Страница 49 из 51
Love Me Tender
1
Элвис благоухал сказочно! И рука его не потела, хоть он и держал мою ладонь в своей уже целых две минуты. Второй он обхватил меня за талию. Крепко, как следует! Довольно решительно. Я всего его чувствовала. Немножко щекотали нос блестки его высокого воротника. Восхитительный человек этот Элвис! Поет будто только для меня, пока мы вот так танцуем. Он шепчет, а слышат его все.
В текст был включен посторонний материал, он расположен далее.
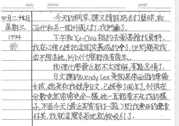 以下是30年前的今天(1994年4月27日)當時17歲的我所親筆寫下的日記:

Ладно, у него микрофон, но все-таки.
Love те tender, love те sweet, never let me go… Не знаю, кто бы захотел отпустить тебя, елки-палки. Что касается меня, то можешь вертеть мной так до самой смерти. Или пока не свалимся в этот бассейн, один черт.
You have made ту life complete, and I love you so… Я каждому его слову верила. И так хотелось ему об этом сказать. Но просто некогда было, да и не совсем все было в порядке. Мужик пел, и все смотрели на него и, что хуже всего, смотрели на меня, и микрофон тут болтался между его и моими губами, а губы эти были так трагически близки, и кто знает, что бы с нами случилось в какой-нибудь другой обстановке. А ведь хотела я ему сказать именно это, что верю ему, пока он поет. И чтобы бросил он этот микрофон, и чтобы воспарил на крыльях своего сверкающего серебристого плаща, и чтобы унес меня отсюда, сначала на пляж, на песочек, а потом куда ему угодно.
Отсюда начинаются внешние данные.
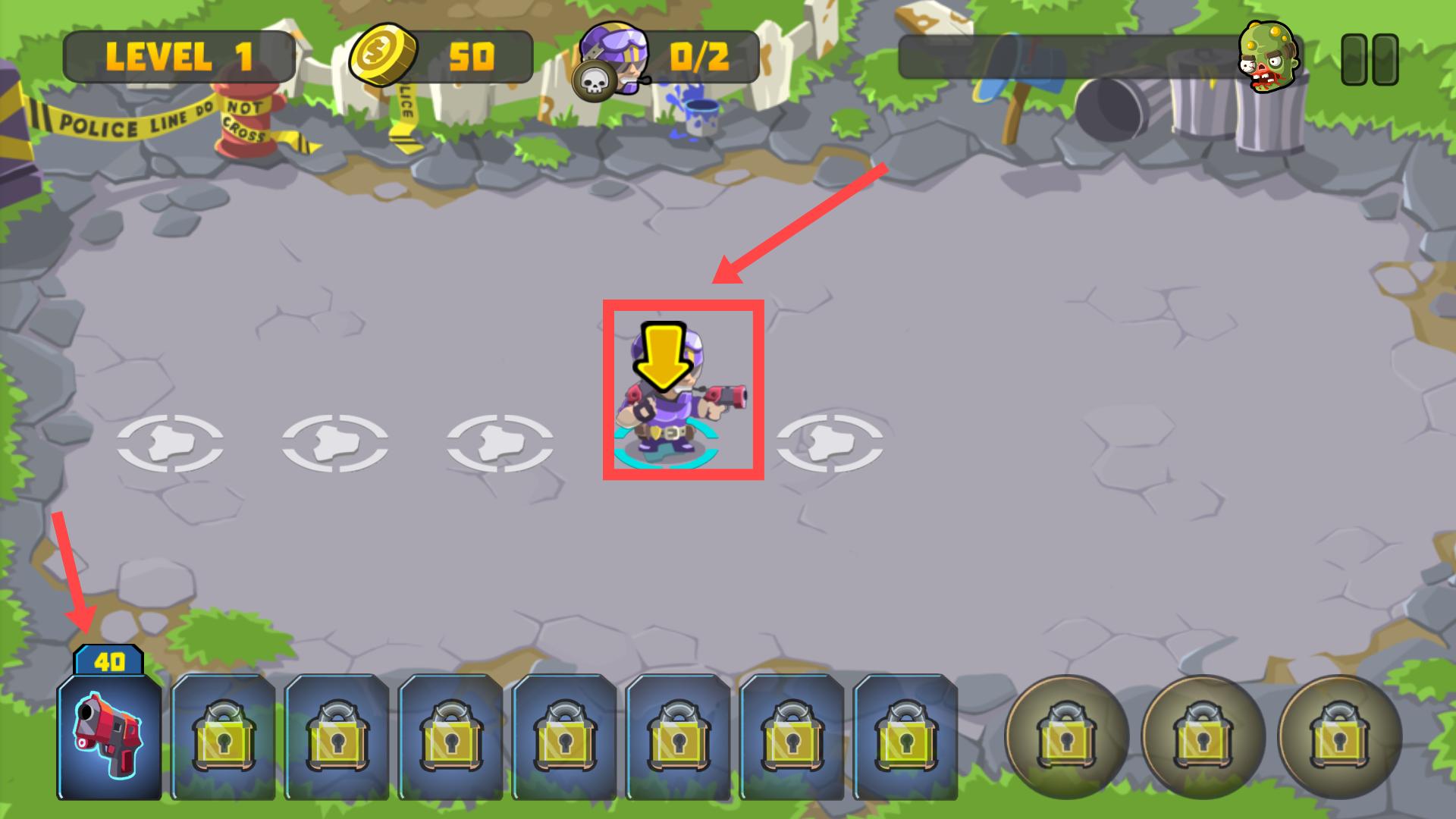 1、排兵布陣筑防線:合理安排警察角色位置,依據其攻擊范圍和能力構建嚴密防御陣線,阻擋僵尸前進路線,抵御一波波的強勢入侵。

Love те tender, love те long, take те to your heart. For it’s there that I belong, and we ’ll never part… И пока пел это, обещая, что мы с ним никогда не расстанемся, Элвис нежно, но без всякой задней мысли, проводил меня к столику, еще раз взмахнул полой своего плаща над моей головой, и устремился к очередной туристке средних лет, которую увел точно так же, как и меня, на минуту-другую, оторвав от разгоряченного улыбающегося мужа.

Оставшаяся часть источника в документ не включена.